*WORK TO COMPLETE:* Scan the material for the word "local", then return every line where it appears.

*MATERIAL PROVIDED:*
++++

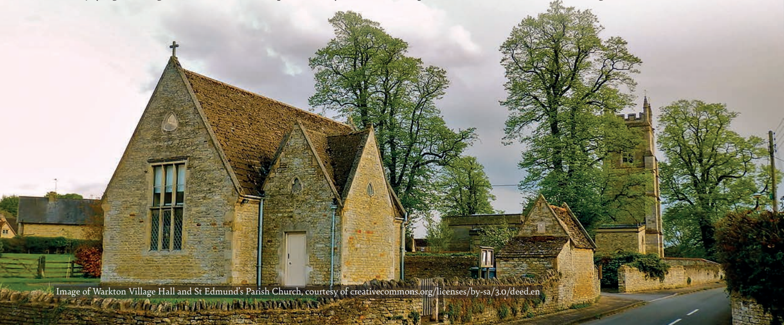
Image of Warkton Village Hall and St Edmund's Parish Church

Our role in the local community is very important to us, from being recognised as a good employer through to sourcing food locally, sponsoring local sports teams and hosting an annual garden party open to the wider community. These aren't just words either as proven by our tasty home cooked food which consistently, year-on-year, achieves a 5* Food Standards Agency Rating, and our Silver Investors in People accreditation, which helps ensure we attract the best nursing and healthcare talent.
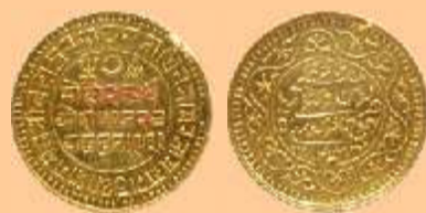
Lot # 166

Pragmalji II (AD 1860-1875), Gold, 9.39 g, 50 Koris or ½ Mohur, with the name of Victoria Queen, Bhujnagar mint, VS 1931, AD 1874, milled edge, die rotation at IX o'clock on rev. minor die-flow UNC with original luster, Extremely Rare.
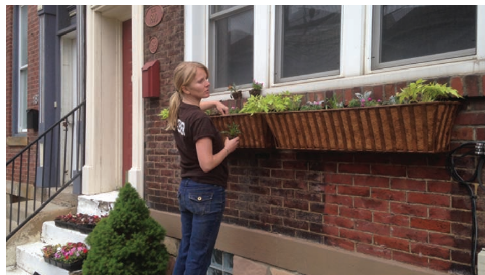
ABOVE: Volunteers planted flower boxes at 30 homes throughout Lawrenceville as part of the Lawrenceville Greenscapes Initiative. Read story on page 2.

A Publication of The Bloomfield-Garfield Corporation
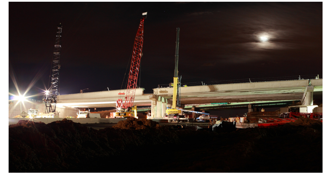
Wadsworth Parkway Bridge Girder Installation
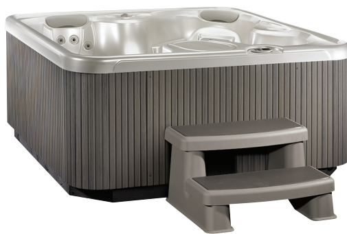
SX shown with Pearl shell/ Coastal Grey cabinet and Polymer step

++++

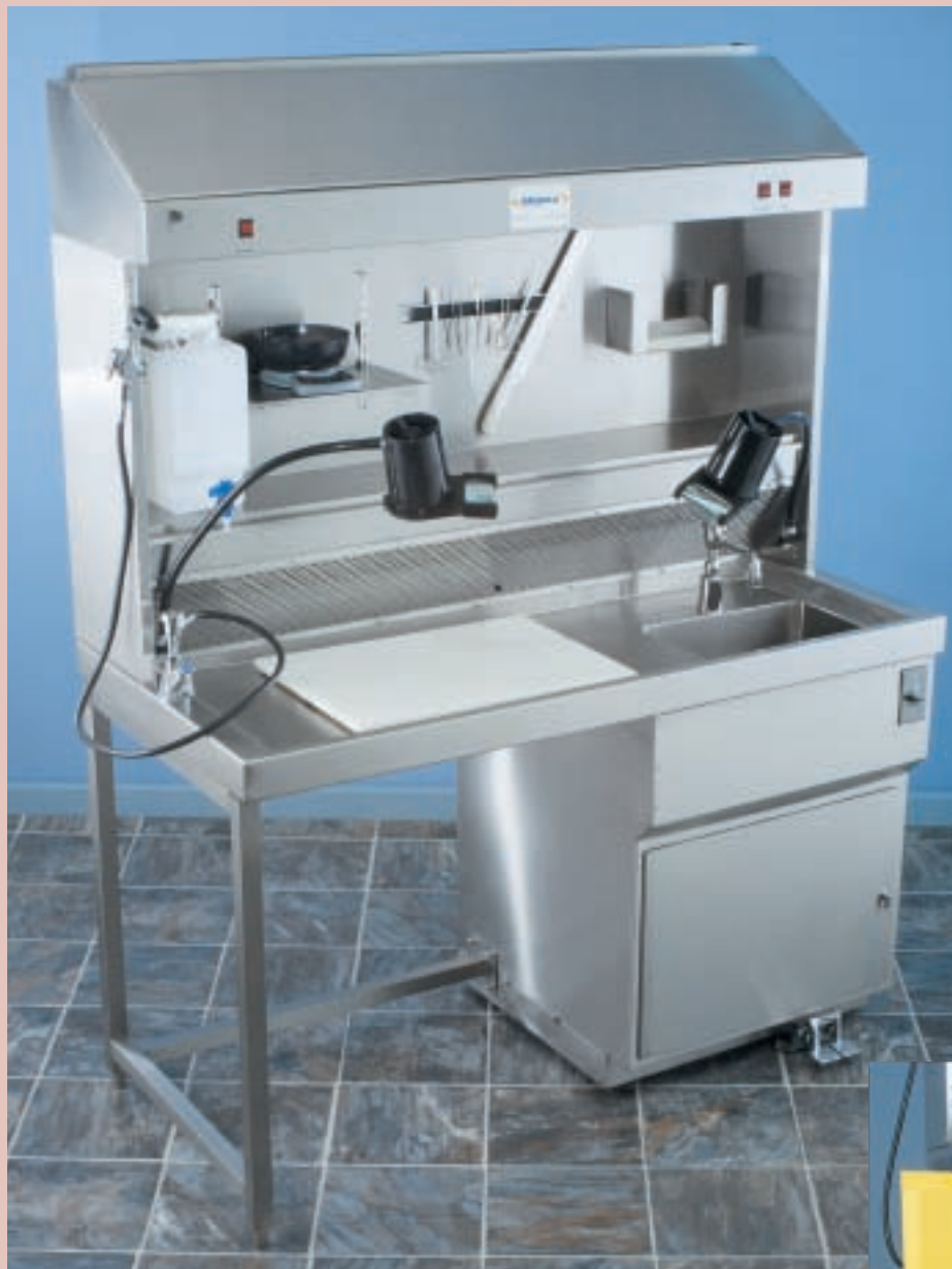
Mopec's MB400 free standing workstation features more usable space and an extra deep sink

++++

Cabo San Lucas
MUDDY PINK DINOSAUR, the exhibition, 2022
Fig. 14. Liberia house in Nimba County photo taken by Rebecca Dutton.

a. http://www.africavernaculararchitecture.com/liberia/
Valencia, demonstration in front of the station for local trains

++++

*EXERCISE OUTPUT:*
Our role in the local community is very important to us, from being recognised as a good employer through to sourcing food locally, sponsoring local sports teams and hosting an annual garden party open to the wider community. These aren't just words either as proven by our tasty home cooked food which consistently, year-on-year, achieves a 5* Food Standards Agency Rating, and our Silver Investors in People accreditation, which helps ensure we attract the best nursing and healthcare talent.
Valencia, demonstration in front of the station for local trains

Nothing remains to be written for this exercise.